Maria João Brito de Sousa – 23.10.2011 – 15.00h
publicado às 13:22
Maria João Brito de Sousa
Dei-te um mar inocente e virginal,
Mas telúrico e quase incandescente,
A brotar desse anseio universal
De ser muito mais mar do que era gente
E nesse mar selvagem, sensual,
Da onda mais revolta e mais urgente,
Não soubeste deixar-me outro sinal
Pr`além do gene instável da semente…
De quanto mergulhaste, vertical,
Assim que o sol, a pino, se fez quente,
Perdeu-se-te a mensagem, no final,
E, enquanto o sol se põe, mesmo à tangente,
Eu crio, noutro mar mais ficcional,
Cada raio de luz do meu poente...
Maria João Brito de Sousa – 22.10.2011 – 15.00h
publicado às 15:42
Maria João Brito de Sousa
Foi num muro em que, sem liberdade,
Acoitado entre as lajes, tão frias,
Tu escreveste a palavra VONTADE
Conquistada ao granito dos dias!
Foi a tua resposta à maldade,
À traição e às demais vilanias
De quem queria apagar a VERDADE
Desse muro em que, ousado, a escrevias!
Foram tantas palavras negadas
Que a garganta guardou da denúncia
Dos que a queriam gritada entre os muros,
Quanto as dores, como pedras, caladas
Na nobreza da tua renúncia,
Semeando os teus sonhos mais puros!
Maria João Brito de Sousa - 21.10.2011 - 13.48h
Imagem retirada da página que a Wikipédia criou para o 25 de Abril de 1974
NOTA - Soneto de nove sílabas métricas
publicado às 13:35
Maria João Brito de Sousa
Hoje, nem bem, nem mal, nem coisa alguma…

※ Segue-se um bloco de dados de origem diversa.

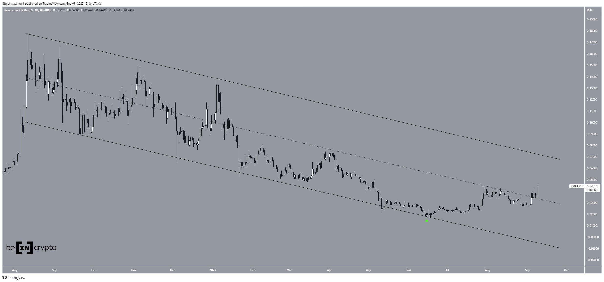O RVN vem caindo dentro de um canal paralelo de baixa de longo prazo desde agosto de 2021. O movimento levou a uma mínima de US$ 0,017 em junho. Seu preço tem subido desde então, recuperando o meio do canal na segunda-feira (5).

Nem o silêncio impôs a reflexão,
Nem um murmúrio só, dizendo "não"
Às minhas mãos cerradas como bruma
E dispersa-me a onda nesta espuma
Como se, ao ser negada uma razão,
Tudo se reduzisse à dimensão
Das lutas que se perdem, uma a uma…
Hoje… nem bem, nem mal! Ninguém diria
Que ontem saiu à rua a rebeldia
Vestida com as cores de mil certezas,
Porque hoje, ao acordar, nada se ouvia
(... mas, quem estivesse atento, sentiria
um tumulto a subir das profundezas…)
Maria João Brito de Sousa – 16.10.2011 – 16.32h
publicado às 22:25
Maria João Brito de Sousa
Usado e gasto ou novo e displicente,
Tenho-te aqui, neste onde que nem sei,
No poema em que te prendo, esse imprudente
Que te irá dar bem mais do que eu te dei,
Mas perco-te depois, num gesto urgente
Em que abro mão daquilo que engendrei,
E vendo-te voar – quem me desmente? –
Descubro que não mais te encontrarei...
Quem és, quem és, se nem mesmo eu souber
Prender-te nos meus braços de mulher
Dando uma voz à voz que tu não tens?
Serás verso que teima em se perder,
Ou talvez sejas tudo o que eu quiser
Por mais que eu nunca saiba de onde vens...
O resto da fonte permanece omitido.